Single-molecule enhanced Raman spectroscopy in nanocavities: mechanisms and recent advances

Abstract Surface-enhanced Raman spectroscopy (SERS) refers to the phenomenon where the Raman signals of molecules are significantly enhanced when they are adsorbed onto or located near the surface of substrates with specific nanostructures. By integrating with scanning probe microscopy techniques, SERS effectively overcomes the low sensitivity of conventional Raman spectroscopy and has been widely applied in surface science, biological sciences, and other fields.

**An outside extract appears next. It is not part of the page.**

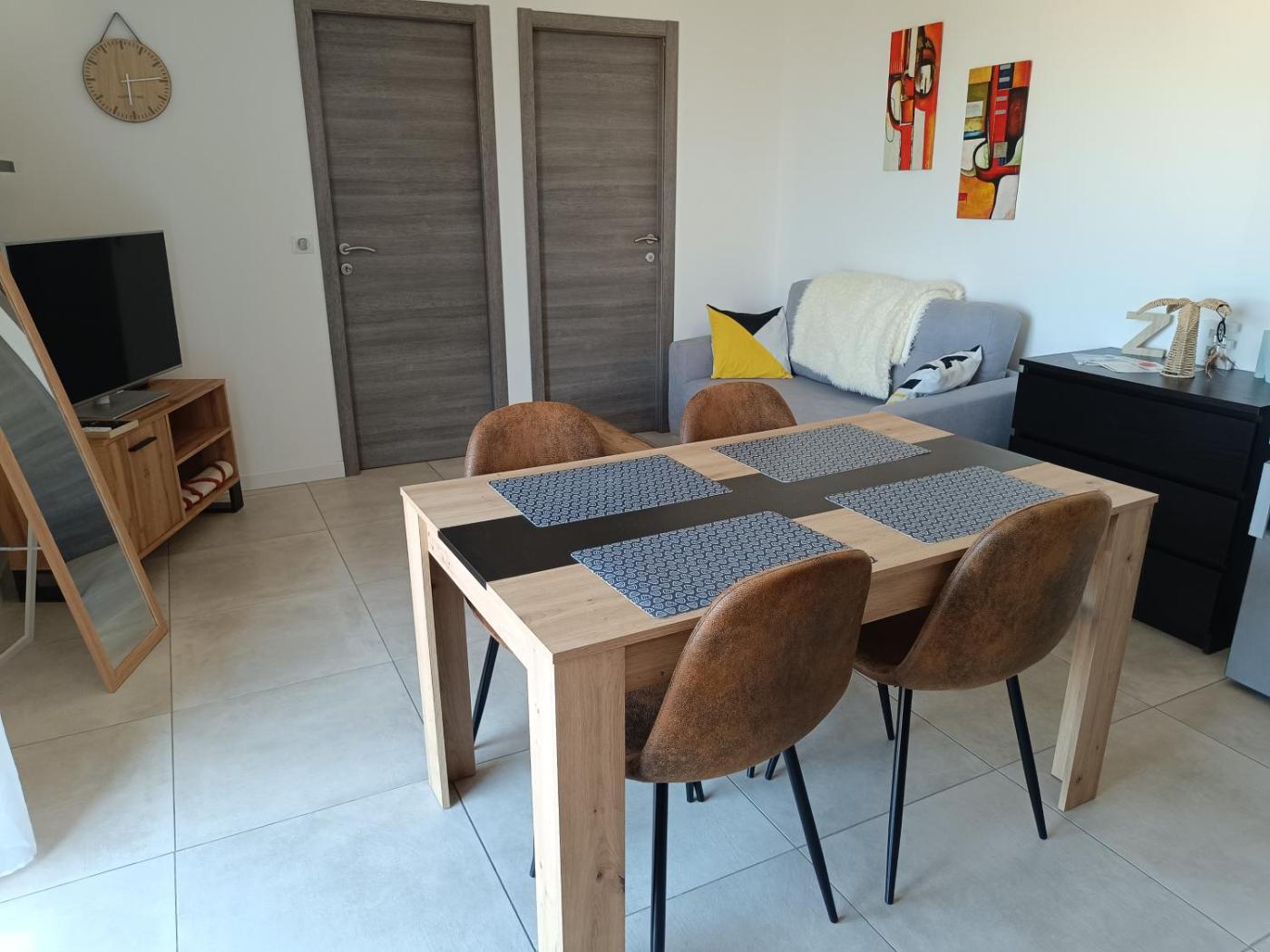 Appartement 1 Chambre. Boasting a private entrance, this air-conditioned apartment features a kitchen, 1 bedroom and 1 bathroom with a shower and a hairdryer. Guests will find a stovetop, a refrigerator, a dishwasher and kitchenware in the well-equipped kitchen. The apartment also comes with a barbecue. Featuring a terrace with sea views, this apartment also features a washing machine and a flat-screen TV. The unit has 1 bed.

This review provides a comprehensive overview of recent theoretical advances in understanding the substrate-induced enhancement mechanisms of molecular Raman signals, as well as progress in the design and optimization of surface plasmonic configurations. The primary objective is to explore effective strategies for achieving high-resolution Raman signal enhancement. We elaborate in detail on the individual mechanisms of electromagnetic and chemical enhancement, as well as their synergistic interplay. Several key factors influencing surface plasmon-enhanced effects are systematically discussed, including charge transfer, external electric fields, and the role of different substrate materials in enhancing single-molecule Raman responses. In addition, we briefly highlight recent developments in first-principles studies using dispersion-corrected density functional theory (DFT), which incorporate long-range corrections to describe weak interactions between molecules and substrates within van der Waals radii. Finally, we offer perspectives on the future theoretical and experimental directions of surface plasmon and tip-enhanced techniques in the single-molecule regime. We also discuss the potential of integrating single-molecule junction sensors with machine learning and DFT for deeper spectroscopic insights, aiming to further advance the field of single-molecule spectroscopy.